As reported in the Aug. 7 issue of the journal Nature, researchers at the University of Illinois and Northwestern University have developed a high-performance, hemispherical “eye” camera using an array of single-crystalline silicon detectors and electronics, configured in a stretchable, interconnected mesh.

The work opens new possibilities for advanced camera design. It also foreshadows artificial retinas for bionic eyes similar in concept to those in the movie “Terminator” and other popular science fiction.

“Conformally wrapping surfaces with stretchable sheets of optoelectronics provides a practical route for integrating well-developed planar device technologies onto complex curvilinear objects,” said John Rogers, the Flory-Founder Chair Professor of Materials Science and Engineering at Illinois, and corresponding author of the paper.

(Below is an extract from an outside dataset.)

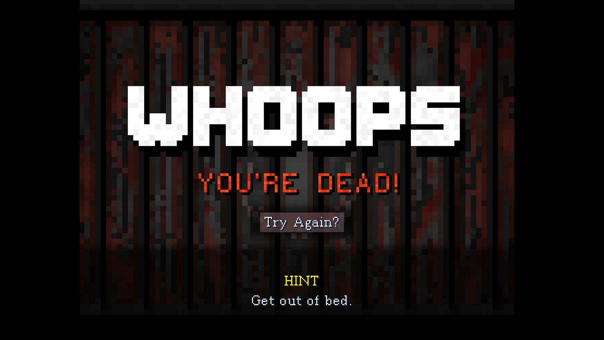But don't worry. When you (inevitably) die - because you fell down the stairs, were too stupid to operate an oven properly, got ripped apart by untold invisible horror, something like that - you can always just give up. Try again tomorrow. Or the next day. Or the next day.

“This approach allows us to put electronics in places where we couldn’t before,” Rogers said. “We can now, for the first time, move device design beyond the flatland constraints of conventional wafer-based systems.

The camera’s design is based on that of the human eye, which has a simple, single-element lens and a hemispherical detector. The camera integrates such a detector with a hemispherical cap and imaging lens, to yield a system with the overall size, shape and layout of the human eye.

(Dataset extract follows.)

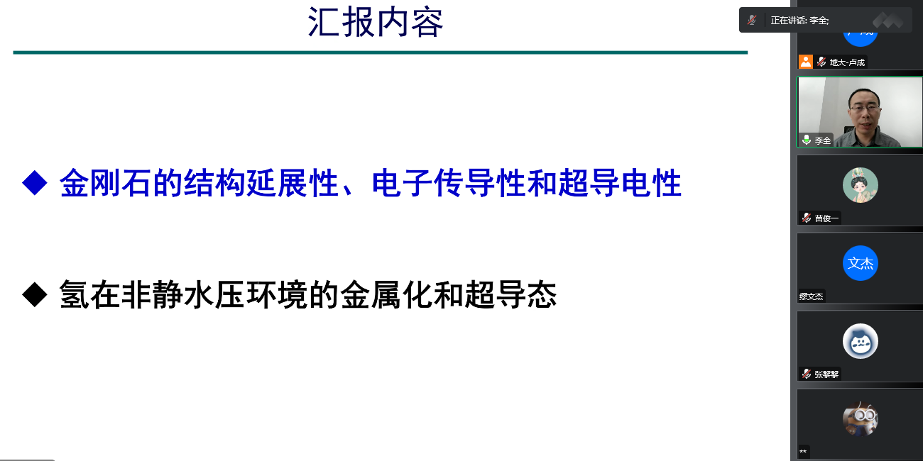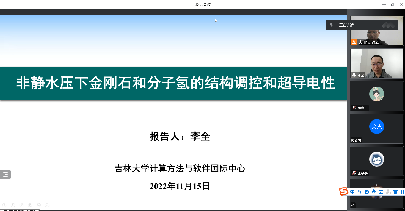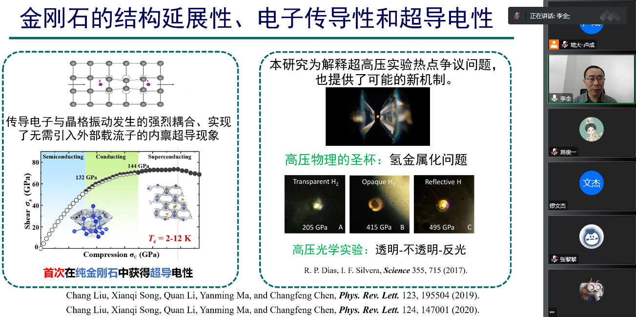 为迎接我校七十周年校庆,11月15日上午,十大买球官方网站通过线上的方式,邀请吉林大学计算方法与软件国际中心李全教授,为我校物理系师生做了题为《非静水压下金刚石和分子氢的结构调控和超导电性》的学术报告。该报告由我校科学技术发展院、十大买球官方网站联合举办,卢成教授主持,本院师生共计60余人参加。

To make the camera, the researchers begin by molding a thin rubber membrane in the shape of a hemisphere. The rubber membrane is then stretched with a specialized mechanical stage to form a flat drumhead.

Next, a prefabricated focal plane array and associated electronics – created by conventional planar processing – are transferred from a silicon wafer to the tensioned, drumhead membrane.

When the tension is released, the membrane returns to its original shape. This process compresses the focal plane array, causing specially designed electrical interconnects to delaminate from the rubber surface and form arcs, pinned on the ends by detector pixels. These deformations accommodate strains associated with the planar to hemispherical transformation, without stressing the silicon, as confirmed by mechanics modeling performed by researchers at Northwestern.

The array package is then transfer printed to a matching hemispherical glass substrate. Attaching a lens and connecting the camera to external electronics completes the assembly. The camera has the size and shape of a human eye.

Over the last 20 years, many research groups have pursued electronic eye systems of this general type, but none has achieved a working camera.

“Optics simulations and imaging studies show that these systems provide a much broader field of view, improved illumination uniformity and fewer aberrations than flat cameras with similar imaging lenses,” said Rogers, who also is a researcher at the Beckman Institute and at the university’s Frederick Seitz Materials Research Laboratory.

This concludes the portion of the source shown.